Ever wondered what you do all day? OK – you likely know that now, but curious what you were doing last month? Or last year? How about what your friends are up to? Excellent post by Emily Chang today regarding an RSS mashup she’s done for herself. She’s mashing up all her social RSS feeds — Flickr, Last.fm, her blogs, twitter, her events at upcoming.org, plazes, etc. They’re all being pulled together, timestamped, and stored in a database on her server — then fed out as one big data stream. Talk about a stalker’s paradise.
She’s using a plugin called feedgrab (odd it doesn’t have own URL) by Andrew Weaver.

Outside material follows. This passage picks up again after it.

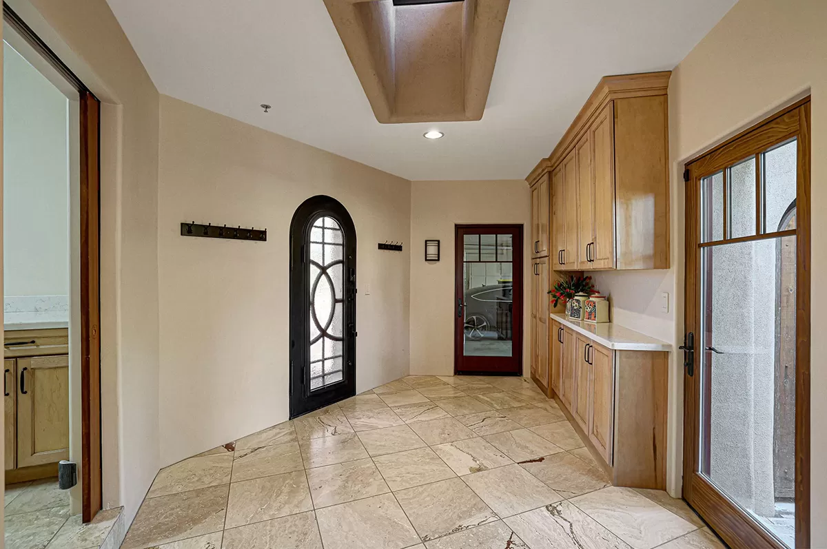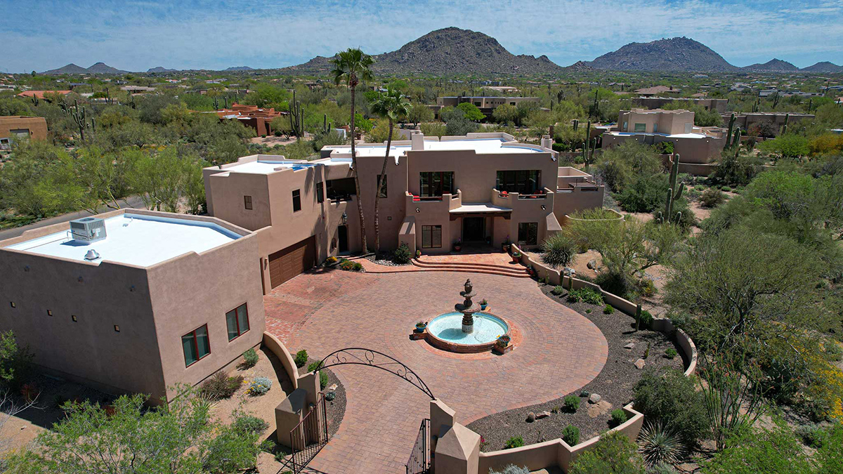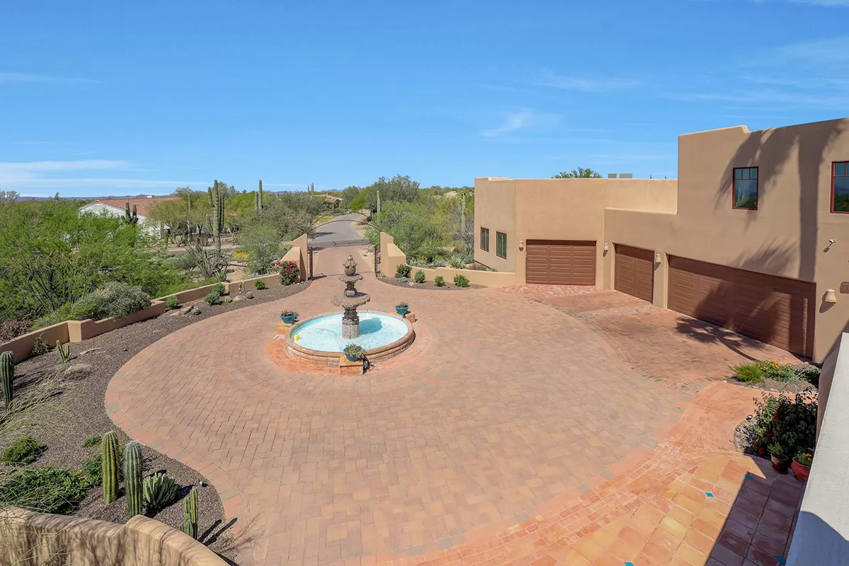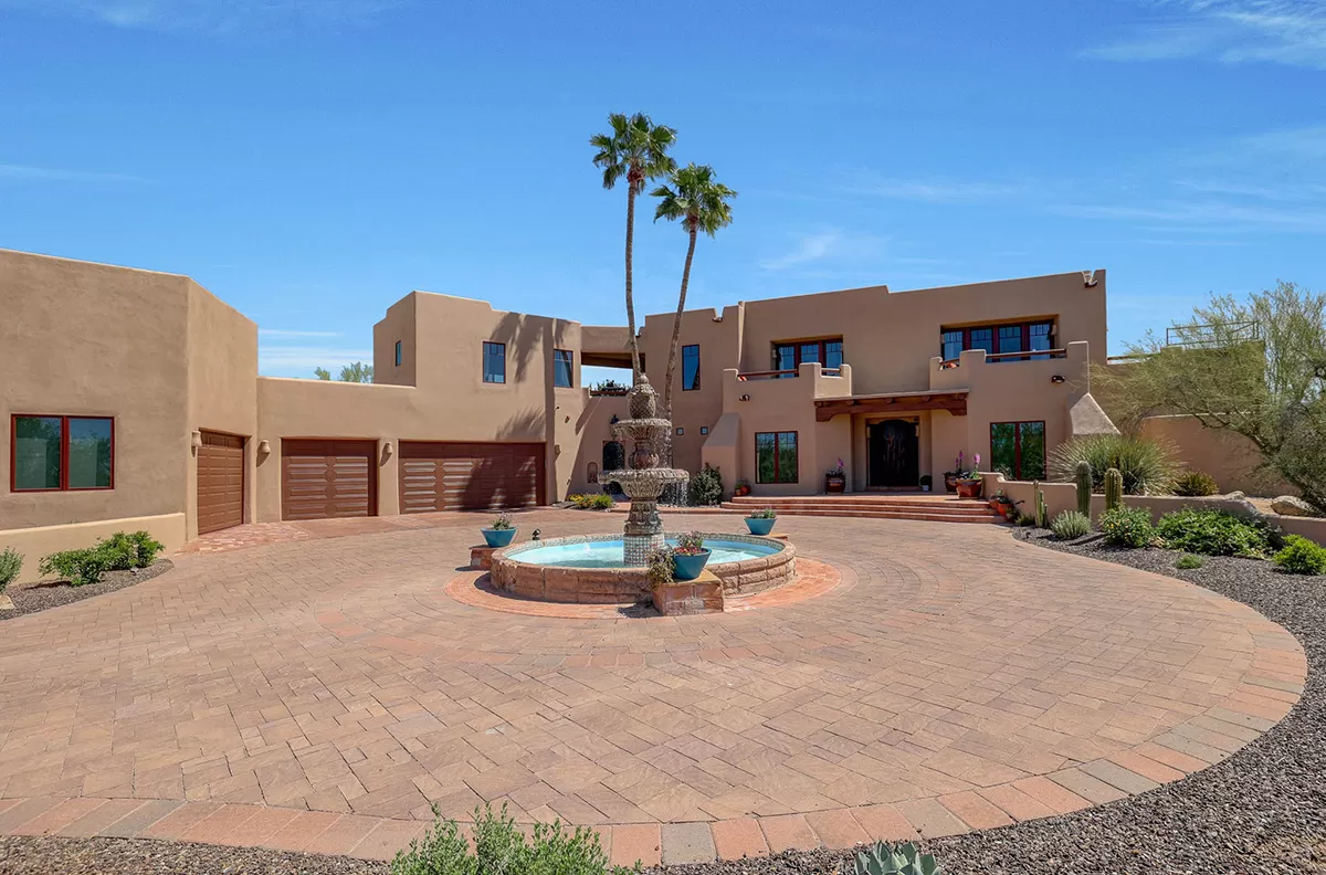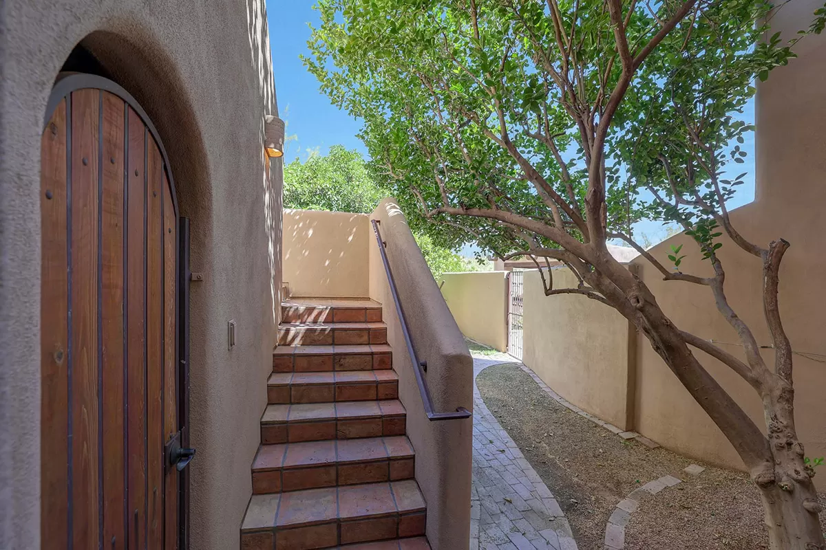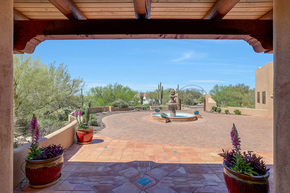 As you enter through the gated motor court adorned with a centerpiece fountain, you’ll be captivated by the charm of the Territorial architecture, featuring smooth stucco, wood beam accents, and wood casement style windows and doors.

She mentions one of the problems she had run into in the past was hosted solutions (e.g. flickr RSS feed is hosted at flickr.com) — I also wonder how long those hosted RSS feeds last for (or how many items are in them). Also, multiple servers are going to have multiple timestamps. Her solution runs on her own server, pulls from the various RSS feeds in real-time, stores the entries on her server, and follows one consistent timestamp.
So who’s going to create this for the rest of us? You could either set one up for yourself, or if you knew all the usernames for your friend on various services, you could
stalk set one up on them.
There’s endless possibilities of this thing. If everyone’s activity is tracked using one set timestamp — you could compare your stream against everyone else in the database, and see who was listening to something at the same time as you. You could see who was at the same event as you. You could see who was at the same restaurant as you.
You could see how often you frequent places — you could see how often others do.
For the company that launches this business — there’s plenty of monetization opportunity. Anytime someone is viewing their timeline — you could show related advertising. Someone visits Starbucks alot? Seattle’s Best has a location right nearby — here’s a $1 off coupon. Someone listens to Bruce Springsteen? Well, have they heard of Will Hoge?
Talk about a MySpace widget that some people would love — “here world, here’s a (mostly) complete record of what I’m doing online and offline.”
Looks like in the comments of Emily’s post there are a few companies trying similar things — Slifeshare, which requires a Mac it appears with the Slife Labs client installed (which tracks your activities — “activity browser”). AOL IM will alert you of updates to specific RSS feeds (doesn’t appear to store this info for an extended period of time). Also, Fred Wilson had posted about Root Vaults, which he uses with Attention Trust (to track his clicks) that stores all of his online activity. Fred has another great post talking about this type of stuff here — it’ll give you some more ideas.